_What you should do_: Nothing in the records may be dropped. Retype them all exactly.

_Recorded information_:
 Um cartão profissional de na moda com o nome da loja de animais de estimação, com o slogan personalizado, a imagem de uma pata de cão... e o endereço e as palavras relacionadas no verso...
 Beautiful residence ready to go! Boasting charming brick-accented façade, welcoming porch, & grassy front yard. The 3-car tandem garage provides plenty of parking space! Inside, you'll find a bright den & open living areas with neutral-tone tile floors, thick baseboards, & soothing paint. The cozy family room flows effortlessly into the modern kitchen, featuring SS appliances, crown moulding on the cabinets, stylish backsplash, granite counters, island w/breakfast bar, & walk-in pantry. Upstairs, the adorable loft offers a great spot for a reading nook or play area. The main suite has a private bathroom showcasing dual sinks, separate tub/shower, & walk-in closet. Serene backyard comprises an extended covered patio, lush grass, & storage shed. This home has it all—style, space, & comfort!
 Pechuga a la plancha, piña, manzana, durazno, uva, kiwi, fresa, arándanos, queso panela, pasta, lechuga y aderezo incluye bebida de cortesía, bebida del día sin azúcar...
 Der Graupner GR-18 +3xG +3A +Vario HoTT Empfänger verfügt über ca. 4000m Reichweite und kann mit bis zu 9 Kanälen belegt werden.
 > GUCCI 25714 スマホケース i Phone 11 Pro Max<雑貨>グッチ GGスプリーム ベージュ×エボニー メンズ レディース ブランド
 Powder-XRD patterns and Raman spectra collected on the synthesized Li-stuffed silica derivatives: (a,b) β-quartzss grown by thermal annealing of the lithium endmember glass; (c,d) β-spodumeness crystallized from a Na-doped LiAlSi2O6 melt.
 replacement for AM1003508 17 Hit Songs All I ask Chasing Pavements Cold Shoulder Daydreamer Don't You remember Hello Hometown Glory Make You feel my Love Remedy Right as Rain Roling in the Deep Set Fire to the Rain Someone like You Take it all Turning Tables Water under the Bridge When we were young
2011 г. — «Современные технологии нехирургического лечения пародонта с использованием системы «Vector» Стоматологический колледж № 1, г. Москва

_Written solution_:
 Um cartão profissional de na moda com o nome da loja de animais de estimação, com o slogan personalizado, a imagem de uma pata de cão... e o endereço e as palavras relacionadas no verso...
 Beautiful residence ready to go! Boasting charming brick-accented façade, welcoming porch, & grassy front yard. The 3-car tandem garage provides plenty of parking space! Inside, you'll find a bright den & open living areas with neutral-tone tile floors, thick baseboards, & soothing paint. The cozy family room flows effortlessly into the modern kitchen, featuring SS appliances, crown moulding on the cabinets, stylish backsplash, granite counters, island w/breakfast bar, & walk-in pantry. Upstairs, the adorable loft offers a great spot for a reading nook or play area. The main suite has a private bathroom showcasing dual sinks, separate tub/shower, & walk-in closet. Serene backyard comprises an extended covered patio, lush grass, & storage shed. This home has it all—style, space, & comfort!
 Pechuga a la plancha, piña, manzana, durazno, uva, kiwi, fresa, arándanos, queso panela, pasta, lechuga y aderezo incluye bebida de cortesía, bebida del día sin azúcar...
 Der Graupner GR-18 +3xG +3A +Vario HoTT Empfänger verfügt über ca. 4000m Reichweite und kann mit bis zu 9 Kanälen belegt werden.
 > GUCCI 25714 スマホケース i Phone 11 Pro Max<雑貨>グッチ GGスプリーム ベージュ×エボニー メンズ レディース ブランド
 Powder-XRD patterns and Raman spectra collected on the synthesized Li-stuffed silica derivatives: (a,b) β-quartzss grown by thermal annealing of the lithium endmember glass; (c,d) β-spodumeness crystallized from a Na-doped LiAlSi2O6 melt.
 replacement for AM1003508 17 Hit Songs All I ask Chasing Pavements Cold Shoulder Daydreamer Don't You remember Hello Hometown Glory Make You feel my Love Remedy Right as Rain Roling in the Deep Set Fire to the Rain Someone like You Take it all Turning Tables Water under the Bridge When we were young
2011 г. — «Современные технологии нехирургического лечения пародонта с использованием системы «Vector» Стоматологический колледж № 1, г. Москва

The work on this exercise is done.